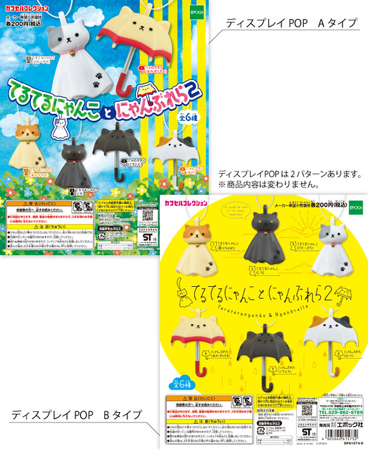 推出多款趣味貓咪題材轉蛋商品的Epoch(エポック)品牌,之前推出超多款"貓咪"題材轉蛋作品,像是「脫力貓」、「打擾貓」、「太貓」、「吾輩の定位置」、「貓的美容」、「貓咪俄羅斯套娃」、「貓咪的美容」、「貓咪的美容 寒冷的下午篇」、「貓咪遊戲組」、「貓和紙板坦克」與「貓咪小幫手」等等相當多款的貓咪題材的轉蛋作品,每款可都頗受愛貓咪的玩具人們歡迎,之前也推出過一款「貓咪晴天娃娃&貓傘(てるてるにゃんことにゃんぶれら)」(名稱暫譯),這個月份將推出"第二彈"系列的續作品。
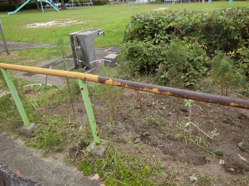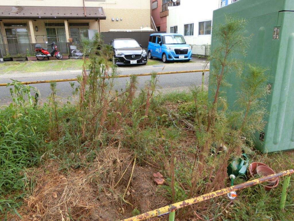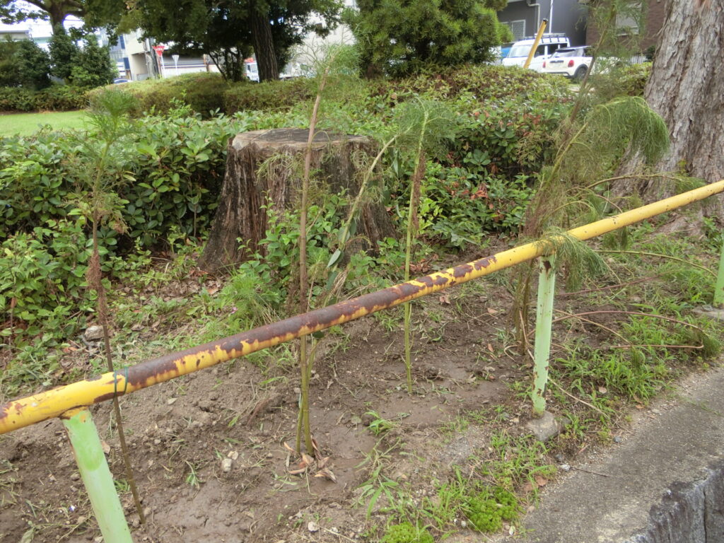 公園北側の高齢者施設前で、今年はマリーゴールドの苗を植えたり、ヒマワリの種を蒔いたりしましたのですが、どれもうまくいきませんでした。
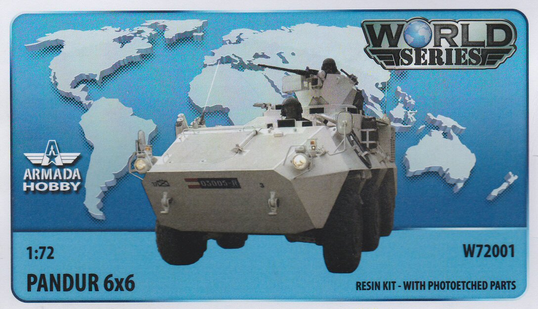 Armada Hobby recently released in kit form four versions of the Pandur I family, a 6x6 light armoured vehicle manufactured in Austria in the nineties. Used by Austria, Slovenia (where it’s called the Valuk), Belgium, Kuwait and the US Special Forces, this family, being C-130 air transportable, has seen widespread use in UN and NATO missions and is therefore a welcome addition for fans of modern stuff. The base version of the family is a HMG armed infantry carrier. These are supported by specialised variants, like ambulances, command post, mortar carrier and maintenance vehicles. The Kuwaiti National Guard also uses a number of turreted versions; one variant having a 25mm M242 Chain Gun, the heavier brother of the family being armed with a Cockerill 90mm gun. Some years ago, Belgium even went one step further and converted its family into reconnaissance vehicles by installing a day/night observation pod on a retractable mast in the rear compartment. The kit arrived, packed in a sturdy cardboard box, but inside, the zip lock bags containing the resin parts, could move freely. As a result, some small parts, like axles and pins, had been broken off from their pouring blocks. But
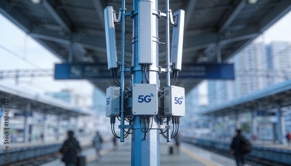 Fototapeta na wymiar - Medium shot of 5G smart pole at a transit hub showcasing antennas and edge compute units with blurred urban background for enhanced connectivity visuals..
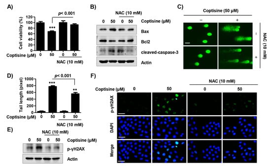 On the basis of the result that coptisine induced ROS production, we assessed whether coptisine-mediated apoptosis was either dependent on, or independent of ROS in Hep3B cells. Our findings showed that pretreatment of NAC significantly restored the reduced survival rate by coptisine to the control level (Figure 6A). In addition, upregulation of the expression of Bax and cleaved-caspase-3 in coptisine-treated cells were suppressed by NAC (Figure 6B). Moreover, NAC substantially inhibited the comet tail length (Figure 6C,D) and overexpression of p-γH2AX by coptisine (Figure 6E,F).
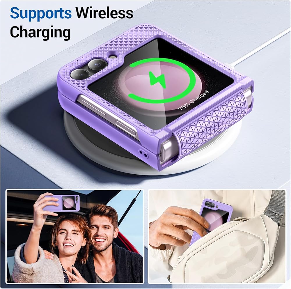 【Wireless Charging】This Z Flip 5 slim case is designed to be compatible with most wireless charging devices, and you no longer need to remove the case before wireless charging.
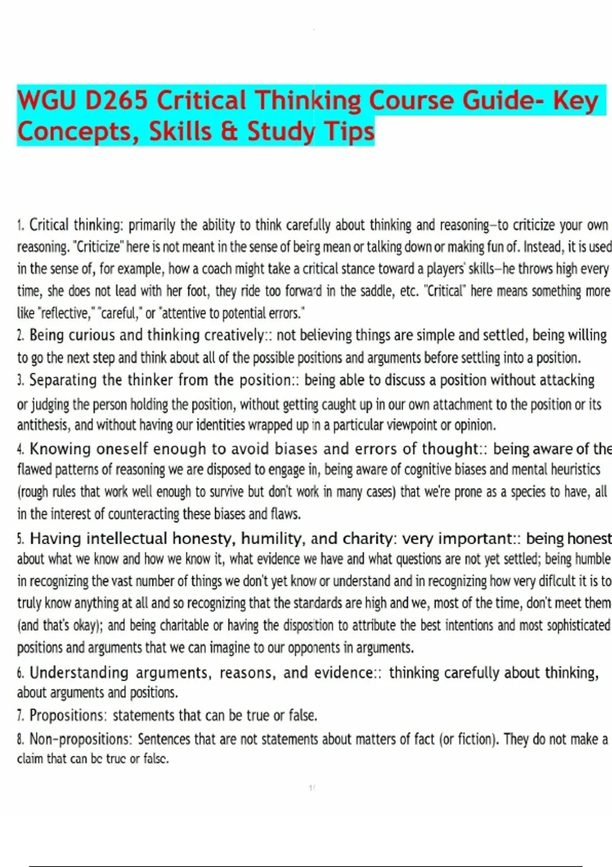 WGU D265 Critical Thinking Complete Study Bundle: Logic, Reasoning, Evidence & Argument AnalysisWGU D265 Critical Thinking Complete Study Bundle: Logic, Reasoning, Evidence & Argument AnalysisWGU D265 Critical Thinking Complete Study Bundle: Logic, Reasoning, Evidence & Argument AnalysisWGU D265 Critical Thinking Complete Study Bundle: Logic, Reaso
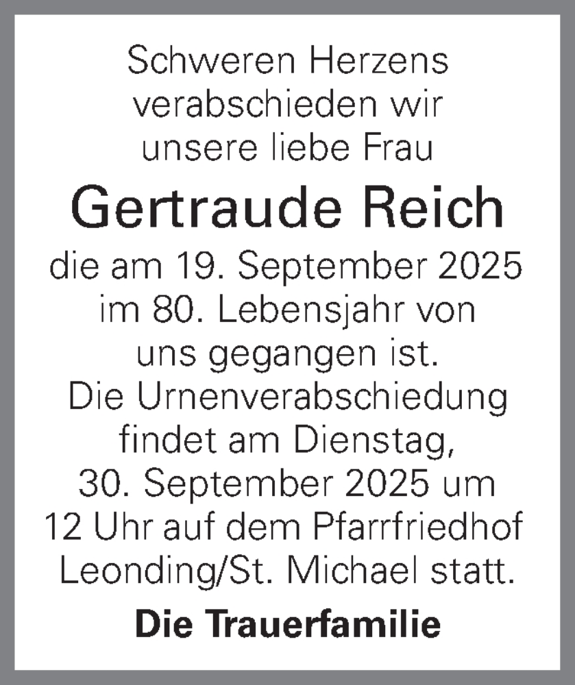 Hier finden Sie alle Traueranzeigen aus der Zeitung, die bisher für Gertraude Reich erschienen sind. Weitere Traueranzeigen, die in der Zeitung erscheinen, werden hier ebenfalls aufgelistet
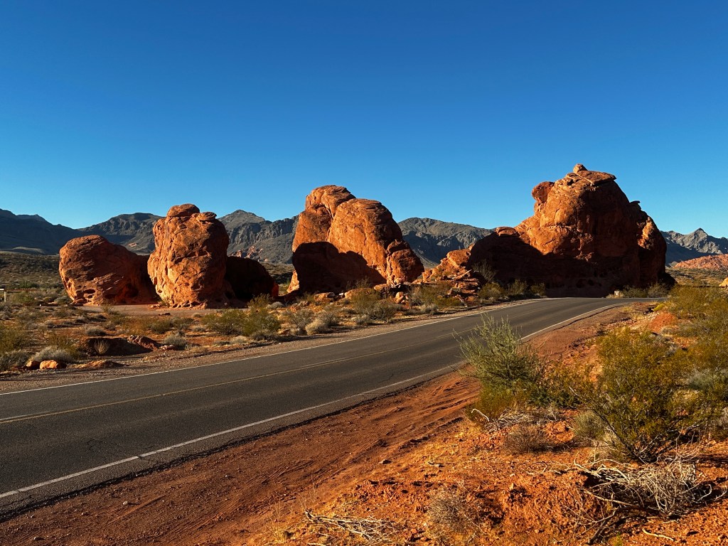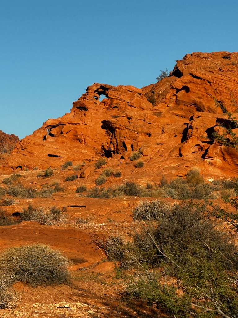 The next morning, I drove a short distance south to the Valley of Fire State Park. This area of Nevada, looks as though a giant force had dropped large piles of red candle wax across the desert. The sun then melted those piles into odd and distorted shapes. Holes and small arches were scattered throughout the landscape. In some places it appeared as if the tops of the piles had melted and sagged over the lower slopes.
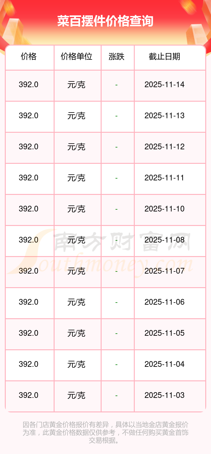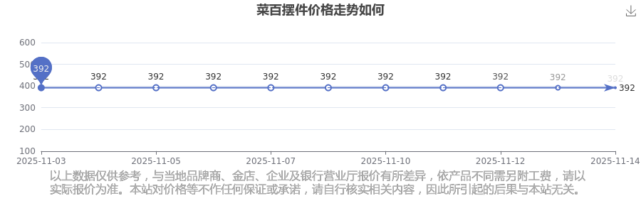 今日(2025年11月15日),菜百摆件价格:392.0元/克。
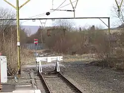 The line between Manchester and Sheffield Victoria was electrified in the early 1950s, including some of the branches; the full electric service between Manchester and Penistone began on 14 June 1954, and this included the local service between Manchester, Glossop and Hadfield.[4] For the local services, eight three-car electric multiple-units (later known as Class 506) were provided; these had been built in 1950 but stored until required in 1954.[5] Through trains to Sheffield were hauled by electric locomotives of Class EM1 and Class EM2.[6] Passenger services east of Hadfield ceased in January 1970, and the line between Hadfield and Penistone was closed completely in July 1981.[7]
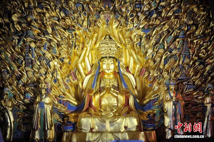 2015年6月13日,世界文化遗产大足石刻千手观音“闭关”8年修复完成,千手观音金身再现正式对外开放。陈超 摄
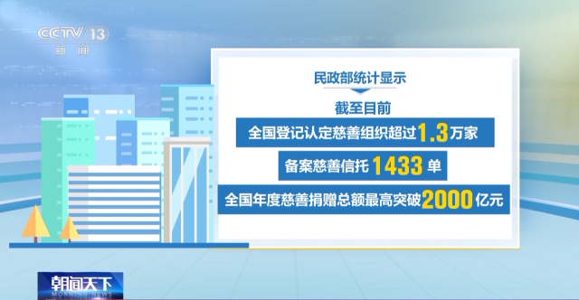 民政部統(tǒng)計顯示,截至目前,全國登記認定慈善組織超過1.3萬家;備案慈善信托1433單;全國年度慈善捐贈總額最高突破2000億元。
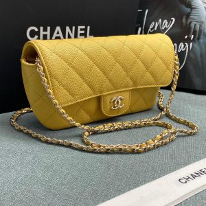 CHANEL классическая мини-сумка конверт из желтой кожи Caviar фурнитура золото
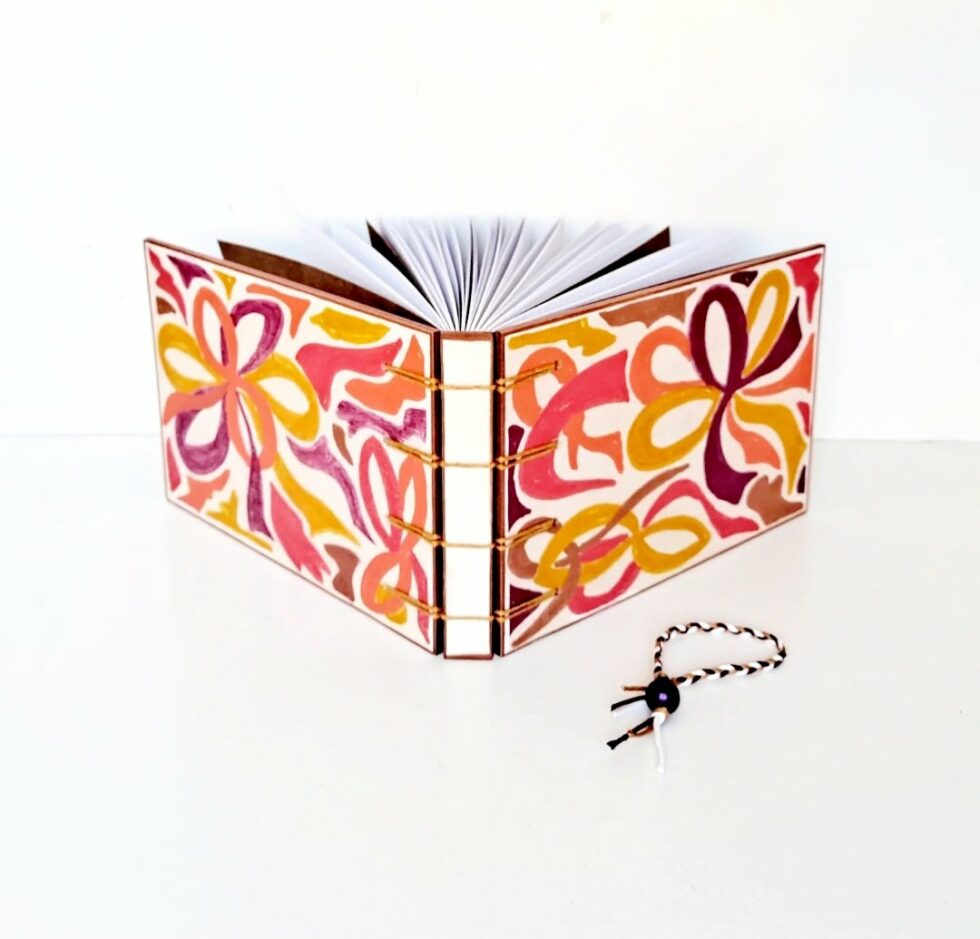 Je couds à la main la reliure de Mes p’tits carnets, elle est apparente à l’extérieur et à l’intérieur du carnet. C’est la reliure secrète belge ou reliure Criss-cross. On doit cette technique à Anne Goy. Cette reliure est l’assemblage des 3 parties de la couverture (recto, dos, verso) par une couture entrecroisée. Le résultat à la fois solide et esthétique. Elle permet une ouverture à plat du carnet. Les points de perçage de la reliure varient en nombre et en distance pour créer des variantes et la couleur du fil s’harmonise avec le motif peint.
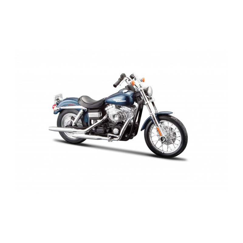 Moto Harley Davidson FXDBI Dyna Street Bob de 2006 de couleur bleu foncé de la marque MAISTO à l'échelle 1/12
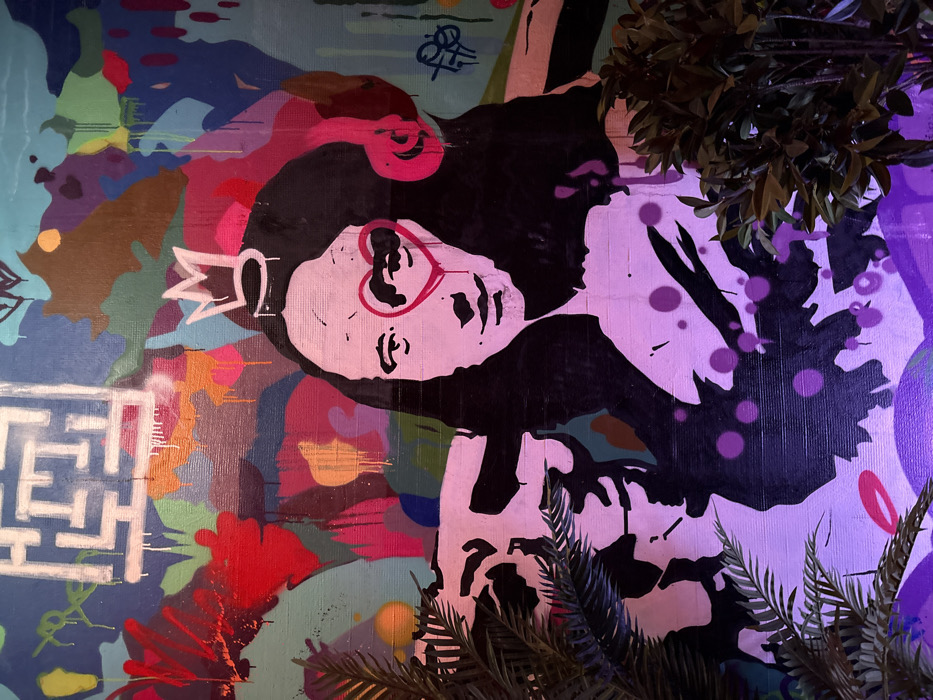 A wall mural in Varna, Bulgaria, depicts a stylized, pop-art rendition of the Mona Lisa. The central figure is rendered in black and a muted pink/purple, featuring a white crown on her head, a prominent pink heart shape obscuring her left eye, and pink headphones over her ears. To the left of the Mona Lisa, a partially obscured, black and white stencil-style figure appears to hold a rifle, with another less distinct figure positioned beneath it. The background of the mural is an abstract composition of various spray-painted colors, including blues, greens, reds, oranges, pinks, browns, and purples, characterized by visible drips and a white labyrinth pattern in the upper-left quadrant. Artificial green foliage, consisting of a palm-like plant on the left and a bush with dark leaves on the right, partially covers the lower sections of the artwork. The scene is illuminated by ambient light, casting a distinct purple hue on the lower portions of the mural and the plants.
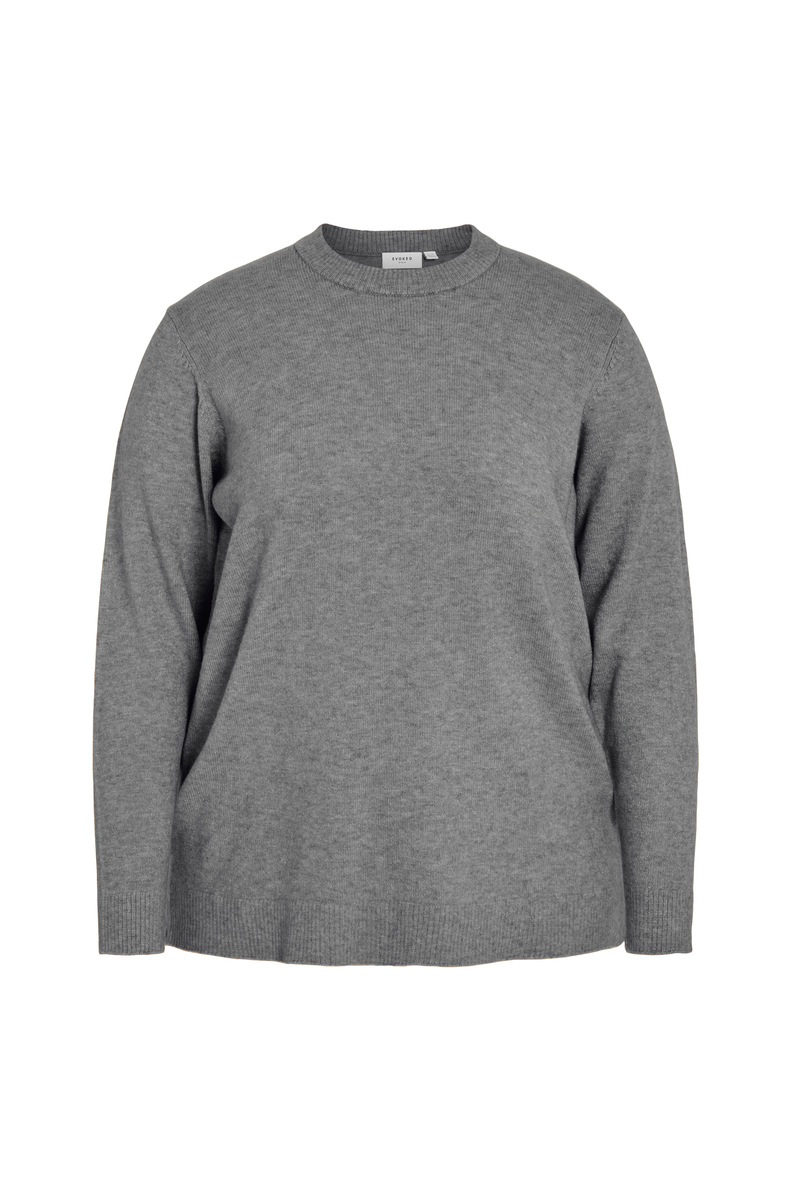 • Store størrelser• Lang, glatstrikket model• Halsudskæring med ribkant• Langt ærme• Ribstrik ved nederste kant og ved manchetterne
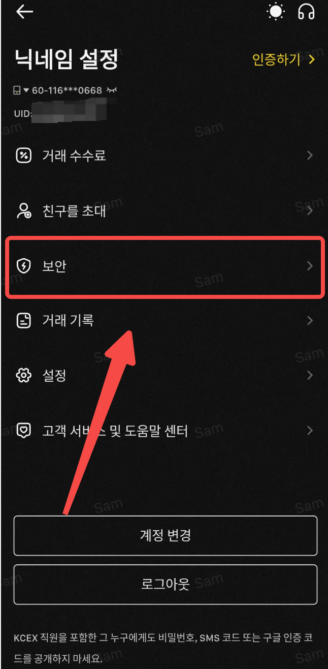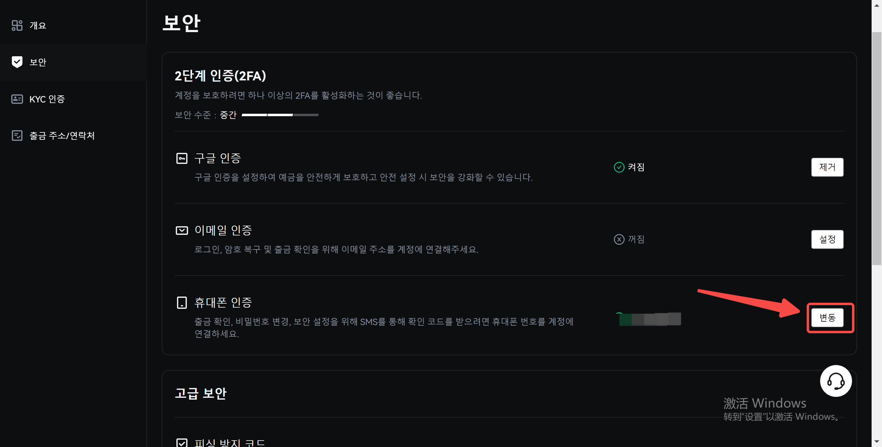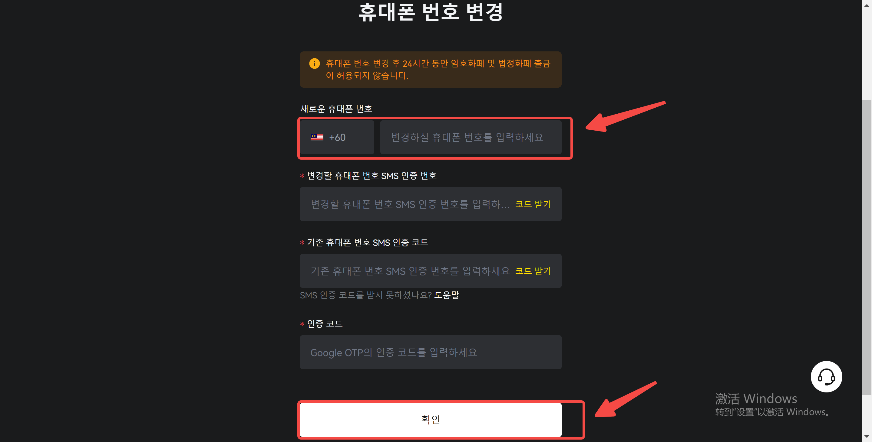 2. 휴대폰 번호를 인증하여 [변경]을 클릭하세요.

EXERCISE BRIEF: Each line above from the one containing "2015年6月13日,世界文" through the one containing "CHANEL классическая мини-сумка" is to be returned verbatim. Nothing else, and no pictures.

EXERCISE ANSWER:
 2015年6月13日,世界文化遗产大足石刻千手观音“闭关”8年修复完成,千手观音金身再现正式对外开放。陈超 摄
 民政部統(tǒng)計顯示,截至目前,全國登記認定慈善組織超過1.3萬家;備案慈善信托1433單;全國年度慈善捐贈總額最高突破2000億元。
 CHANEL классическая мини-сумка конверт из желтой кожи Caviar фурнитура золото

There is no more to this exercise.